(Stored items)
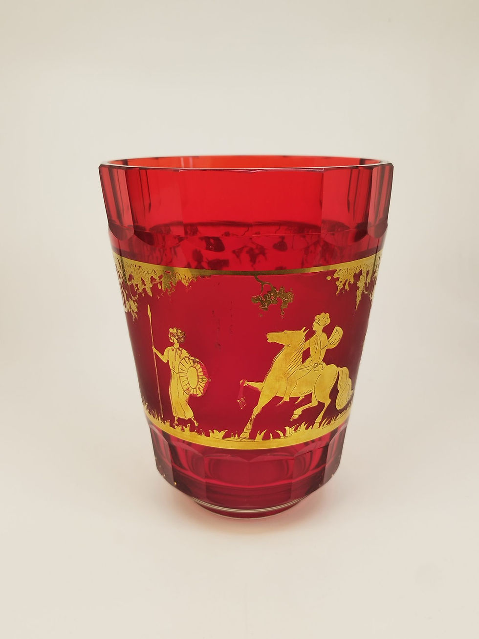 Starožitná rubínová váza s mytologickým motivem, ART DECO
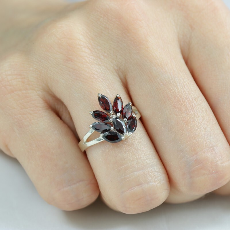 Серебряное кольцо с натуральным гранатом - коллекция Искра. Средний вес изделия с камнями 2.98 гр. Месторождение: Гранат (Кольский п-ов, Россия). Гранат (Натуральный) маркиз 3*6 мм., средний вес: 0.33 карат. Все изделия собственного производства, гарантия 12 месяцев. Арт. 8077
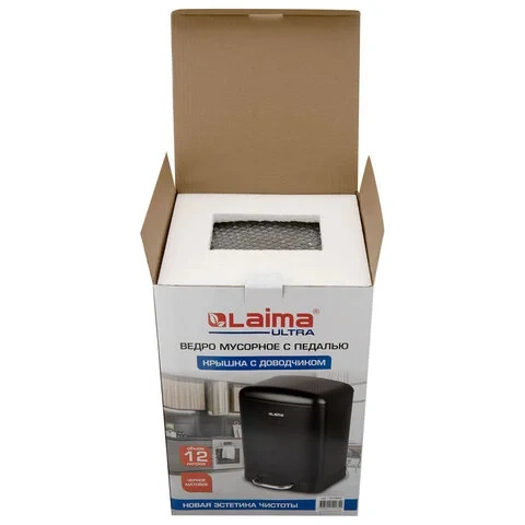 Отзывы о «Ведро мусорное с педалью 12 л, крышка с доводчиком, черное матовое, металл, LAIMA ULTRA, 701565»
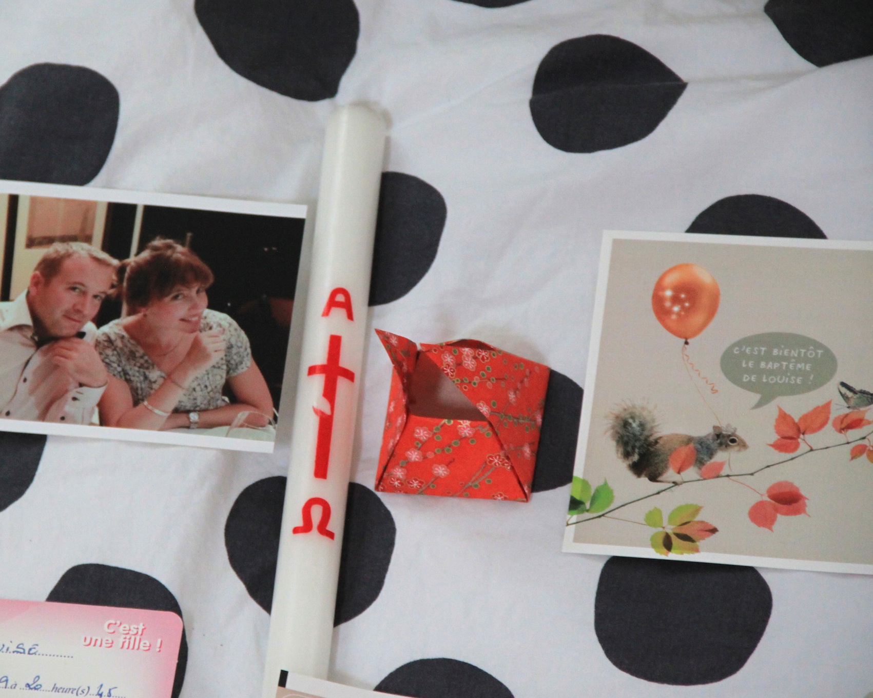 Son parrain et sa marraine, le cierge de son baptême, un des ballotins que j’avais réalisé en origami pour mettre les dragées et son faire-part.
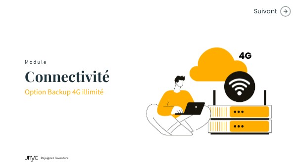 L’option backup 4G illimité est exclusivement disponible sur les routeurs unyc validés dans l’administration des routeurs et compatibles 4G avec une SIM unyc (hors eSIM)
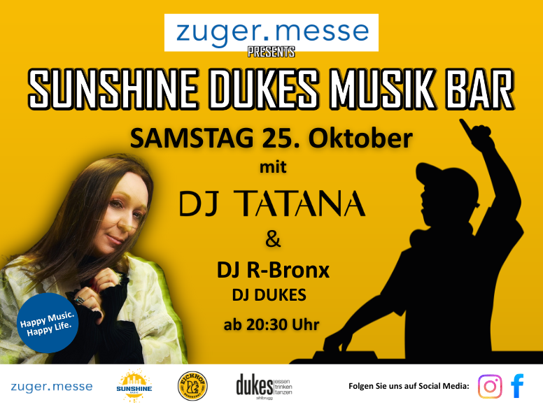 Home Events DJ TATANA & DJ R-BRONX an der Zuger Messe SUNSHINE DJ TATANA & DJ R-BRONX an der Zuger Messe SUNSHINE + Zu Google Kalender hinzufügen + iCal / Outlook export Datum 25. Okt.. 2025 Uhrzeit 20:30 - 02:00 Kategorie Outdoor
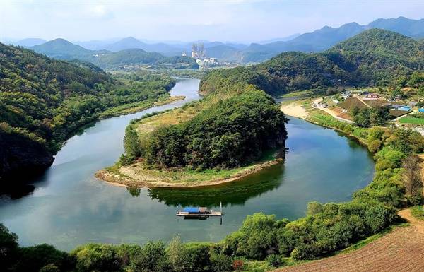 위 사진은 통일된 한반도를 상징하는 영월 서강의 한반도 지형이다.
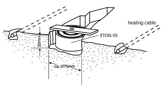 Put a flexible tube (a gooseneck) with the inside diameter of at least 16 mm in the place where the sensor should be located; the ETOG-55 sensor must be at least 5cm from the heating cables, to prevent the heat generated by the cables interfere with the operation of the sensor.
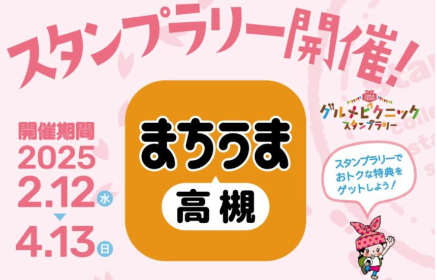 【免責事項】当Webサイトに掲載しているスタンプラリー情報は主催者の提供する情報をもとにしており、当協会において内容を保証するものではございません。掲載内容の不備による損害等については責任を負いかねます。また当Webサイトに掲載の情報やURLは予告なしに変更または中止されることがあります。「まちうま高槻グルメピクニックスタンプラリー2025」に関するお問い合わせは、当協会ではなく開催団体までお願いいたします。
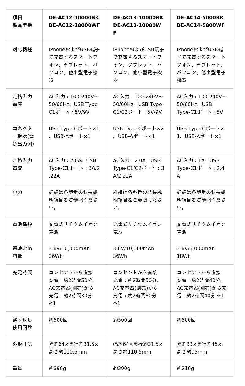 お出かけ時の荷物が少なくなる!USB Power Delivery対応のAC一体型モバイルバッテリー 3モデルを新発売

*Assigned task:* Once the line containing "L’option backup 4G" is found, copy it and each line after it through the end of the entries above exactly; nothing else, and no pictures.

*Output of the exercise:*
 L’option backup 4G illimité est exclusivement disponible sur les routeurs unyc validés dans l’administration des routeurs et compatibles 4G avec une SIM unyc (hors eSIM)
 Home Events DJ TATANA & DJ R-BRONX an der Zuger Messe SUNSHINE DJ TATANA & DJ R-BRONX an der Zuger Messe SUNSHINE + Zu Google Kalender hinzufügen + iCal / Outlook export Datum 25. Okt.. 2025 Uhrzeit 20:30 - 02:00 Kategorie Outdoor
 위 사진은 통일된 한반도를 상징하는 영월 서강의 한반도 지형이다.
 Put a flexible tube (a gooseneck) with the inside diameter of at least 16 mm in the place where the sensor should be located; the ETOG-55 sensor must be at least 5cm from the heating cables, to prevent the heat generated by the cables interfere with the operation of the sensor.
 【免責事項】当Webサイトに掲載しているスタンプラリー情報は主催者の提供する情報をもとにしており、当協会において内容を保証するものではございません。掲載内容の不備による損害等については責任を負いかねます。また当Webサイトに掲載の情報やURLは予告なしに変更または中止されることがあります。「まちうま高槻グルメピクニックスタンプラリー2025」に関するお問い合わせは、当協会ではなく開催団体までお願いいたします。
 お出かけ時の荷物が少なくなる!USB Power Delivery対応のAC一体型モバイルバッテリー 3モデルを新発売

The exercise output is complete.